Here’s a great link Jerry just posted on current information on managing pain by Dr Dressler. He is a Bet who coauthored a great resource The Dog Cancer Guide Book Update for Dogs, by Dr. Dressler
And reme, dogs don’t count days in a calendar. They live in the NOW, in the present. Once recovery is done, your sweet Bailey will make your heart smile every day as you watch her effortlessly flow from k e glorious pain free moment to the next😎 Watch out sibling Mastiff, Bailey ‘s gonna wamt tom play with you non-stop !
Keep us posted and let us know if you have any questions, okay?
Sally and Alumni Happy Hannah and Merry Myrtle and Frankie too!
Happy Hannah had a glorious additional bonus time of over one yr & two months after amp for osteo! She made me laugh everyday! Joined April's Angels after send off meal of steak, ice cream, M&Ms & deer poop!
You’ve done a great job checking your options. It’s hard to understand why the first surgeon would be so down on doing the amp since it’s not your dogs weight or other medical conditions that are the reason why he said no. Maybe his other patients weren’t taken to rehab right after surgery. I’m guessing he had a bad experience clouding his recommendation. Who knows.

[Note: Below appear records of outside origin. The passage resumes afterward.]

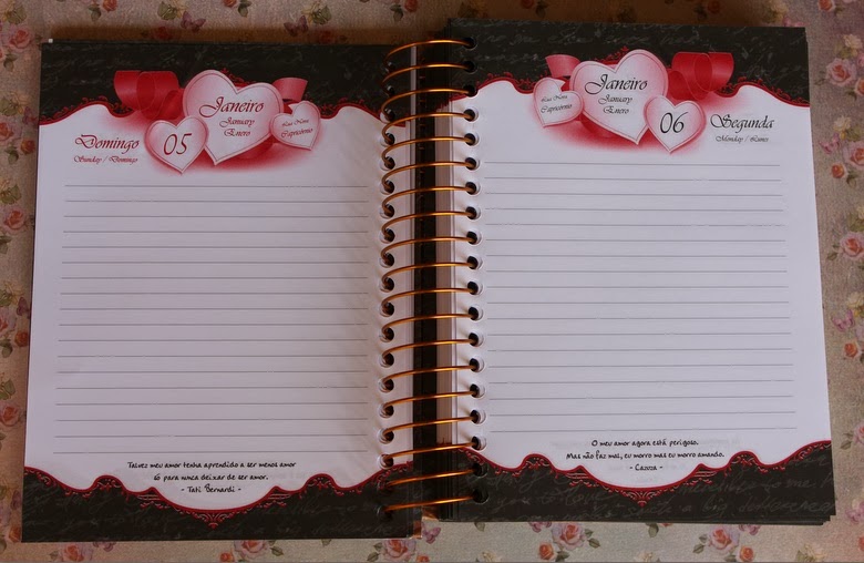 E foram essas as minhas agendas eleitas pra esse ano. Uma linda e cheia de amor em cada página pra atrair bons fluidos pra esse ano, que será usado para os assuntos mais diversos do meu dia-a-dia e a outra, pequerruchinha e prática, pra poder carregar pra todo canto sem dó e pra uso exclusivo do registro de idéias pro blog.
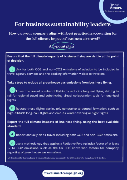 Een robuust reisbeleid is van cruciaal belang voor het terugdringen van de uitstoot van zakenreizen. Het biedt medewerkers richtlijnen voor best practices voor duurzaam reizen en helpt het bedrijf tegelijkertijd zijn milieudoelstellingen te behalen, geld te besparen en het welzijn van medewerkers te beschermen.
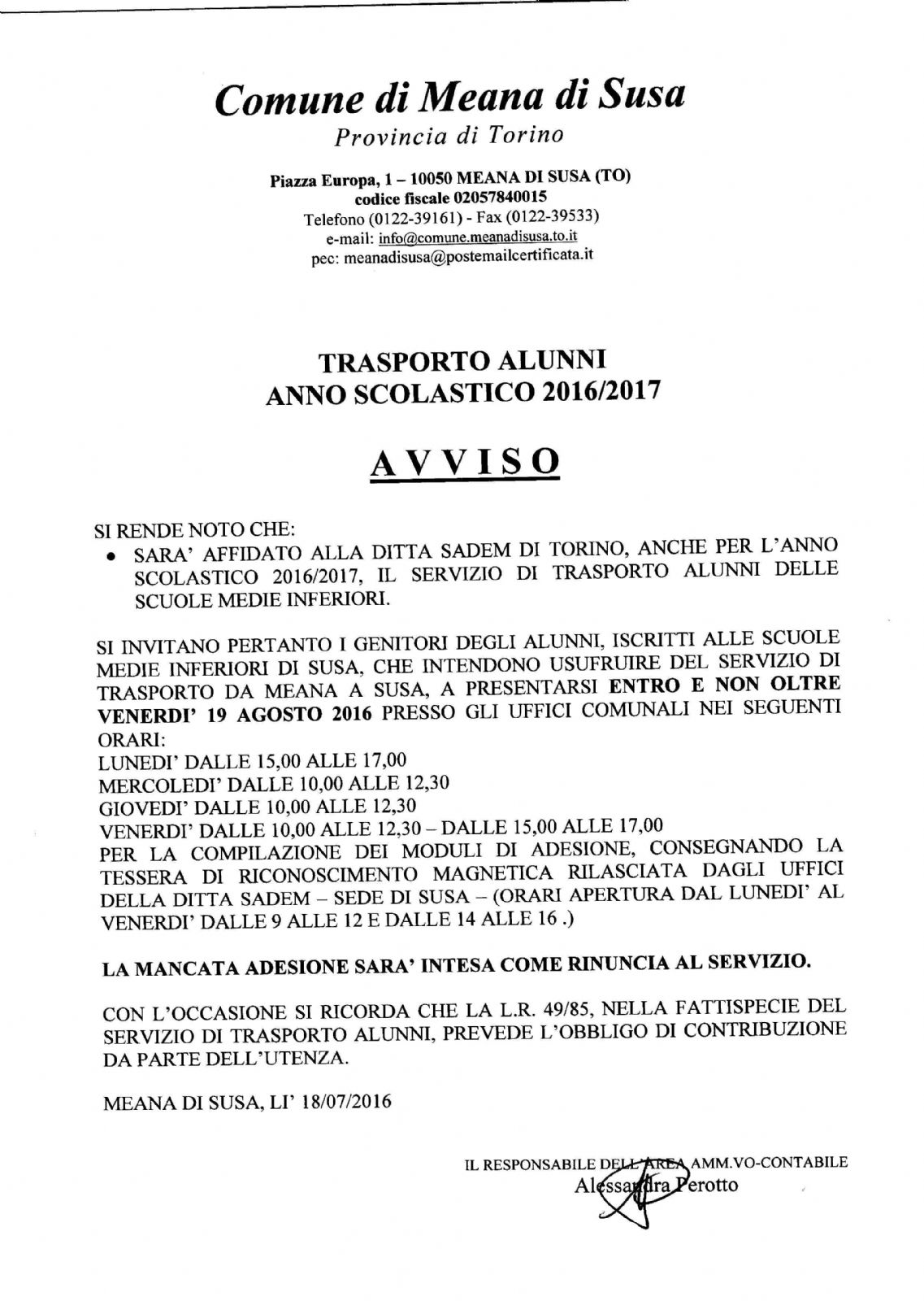 AVVISO TRASPORTO ALUNNI A.S. 2016-2017

But what I do know is that not all dogs will succumb to osteosarcoma in six months. Our own dog Jerry did not, he lived two years with no chemo. We never expected him to live that long, nobody did. Others in our community have gone much longer, five years even. Some do not. But almost everyone says they are glad they were able to help their pet get out of pain and live out a normal life for whatever time they had left. As the saying goes, life itself is ultimately fatal, and there are no guarantees either way.
Your pup is in pain, and acting quickly is smart. If a third opinion will help, do it. We’ve seen others seek out third ones to break the tie, it can help.
Thank you so much for taking the time to respond and share your insights with me. You’ve given me some new things to consider and some hope! Unfortunately our tests on her lympnodes came back inconclusive and we were waiting on those to proceed with surgery. But right now, we are tentatively schedule for this Weds for the amputation.
I’m nervous and second guessing myself whether or not this is the right thing to do. But having success stories is very helpful. It’s such a hard choice to make. This is awful. But if I consider the alternative, that is even more awful.
It doesn’t seem that either surgeon was concerned about her ACL – so that is a good perspective to consider when thinking about why the first surgeon said NO. If anything, I saw how quickly she recovered from that surgery!
Thanks again for your insights and support. I know every dog is different so I have to just trust myself and know that I can make the best choice for my girl.
You are so welcome. Yes! She has many positive things on her side and with your good attitude, you can get through this hard part with flying colors.